§ Description of the task:
Would you copy the records below, exactly and only from their first line through the line containing "- Supersoft Cable", without any pictures?

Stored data
····················
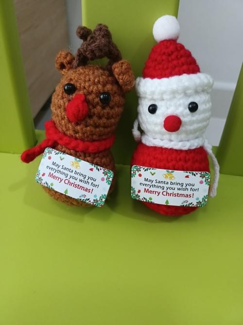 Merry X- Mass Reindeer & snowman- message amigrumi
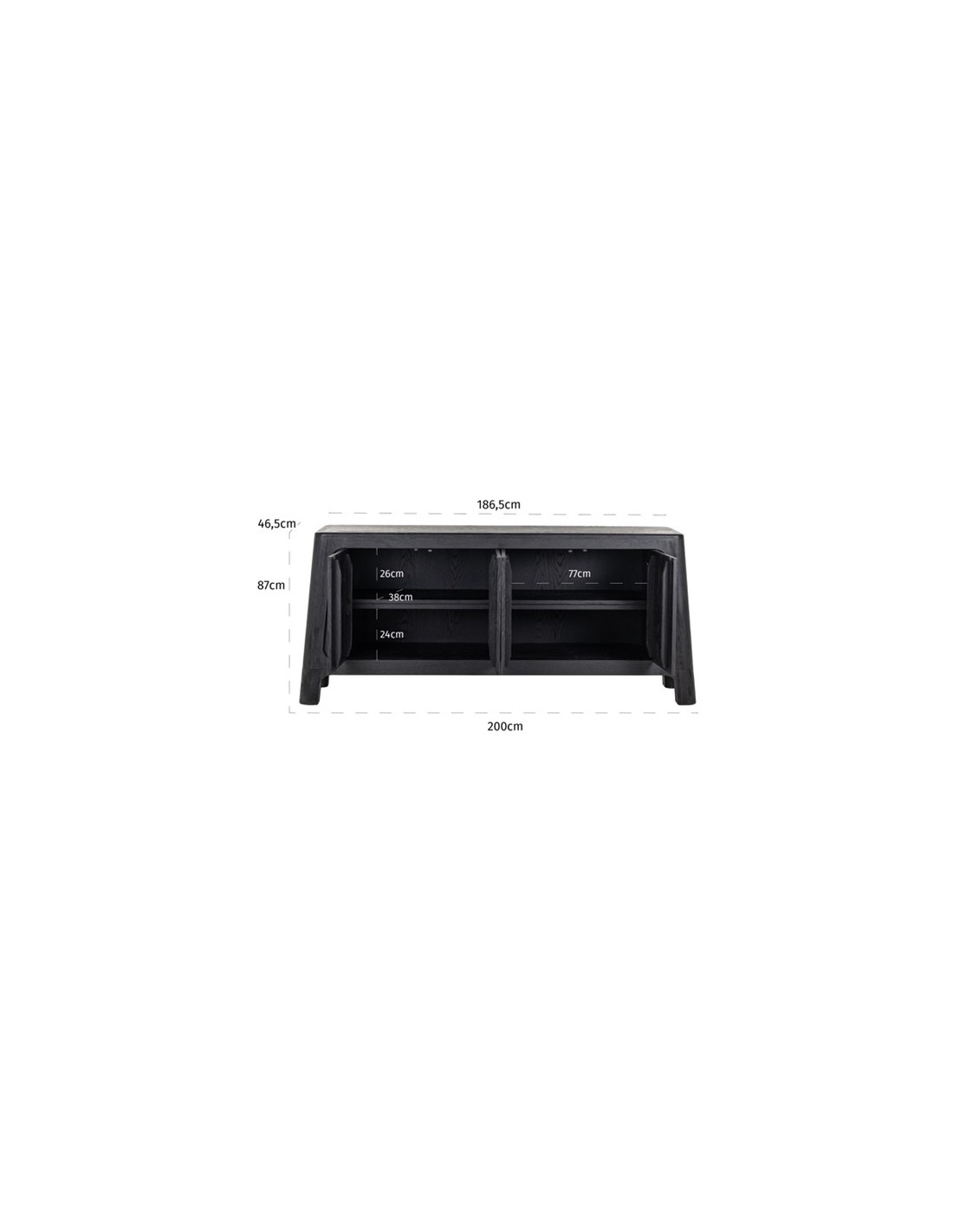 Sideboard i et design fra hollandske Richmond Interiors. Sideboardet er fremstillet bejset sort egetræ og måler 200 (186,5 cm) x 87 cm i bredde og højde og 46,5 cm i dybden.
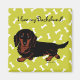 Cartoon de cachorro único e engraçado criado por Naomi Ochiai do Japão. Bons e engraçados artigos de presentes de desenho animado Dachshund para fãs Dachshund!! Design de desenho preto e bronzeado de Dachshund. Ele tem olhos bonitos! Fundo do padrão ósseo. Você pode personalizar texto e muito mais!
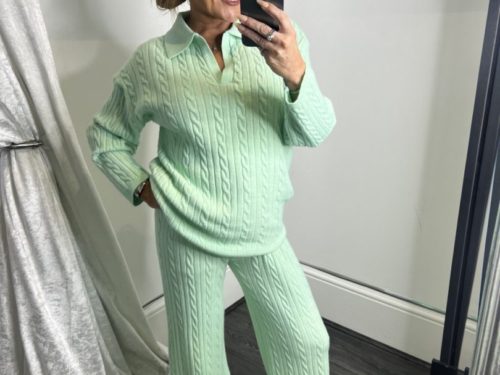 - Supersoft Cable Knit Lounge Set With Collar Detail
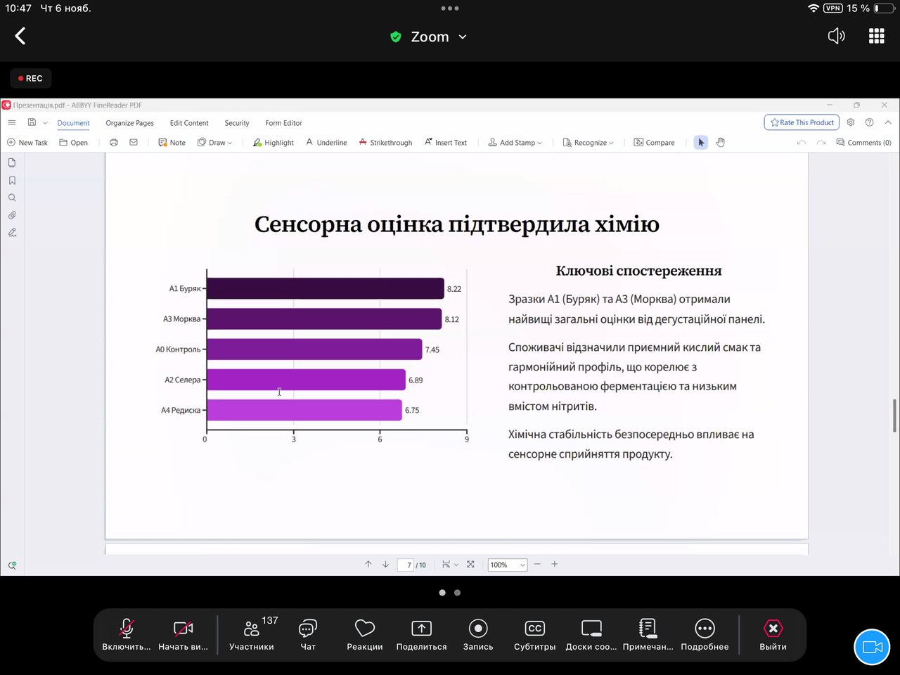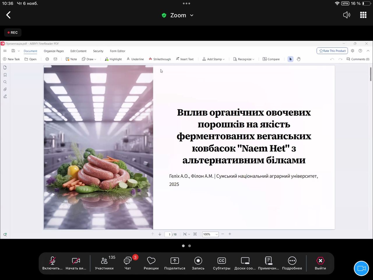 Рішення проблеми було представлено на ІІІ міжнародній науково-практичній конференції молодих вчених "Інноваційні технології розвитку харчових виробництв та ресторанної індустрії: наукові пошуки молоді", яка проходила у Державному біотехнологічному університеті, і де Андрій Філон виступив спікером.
····················
§ Response box:
 Merry X- Mass Reindeer & snowman- message amigrumi
 Sideboard i et design fra hollandske Richmond Interiors. Sideboardet er fremstillet bejset sort egetræ og måler 200 (186,5 cm) x 87 cm i bredde og højde og 46,5 cm i dybden.
 Cartoon de cachorro único e engraçado criado por Naomi Ochiai do Japão. Bons e engraçados artigos de presentes de desenho animado Dachshund para fãs Dachshund!! Design de desenho preto e bronzeado de Dachshund. Ele tem olhos bonitos! Fundo do padrão ósseo. Você pode personalizar texto e muito mais!
 - Supersoft Cable Knit Lounge Set With Collar Detail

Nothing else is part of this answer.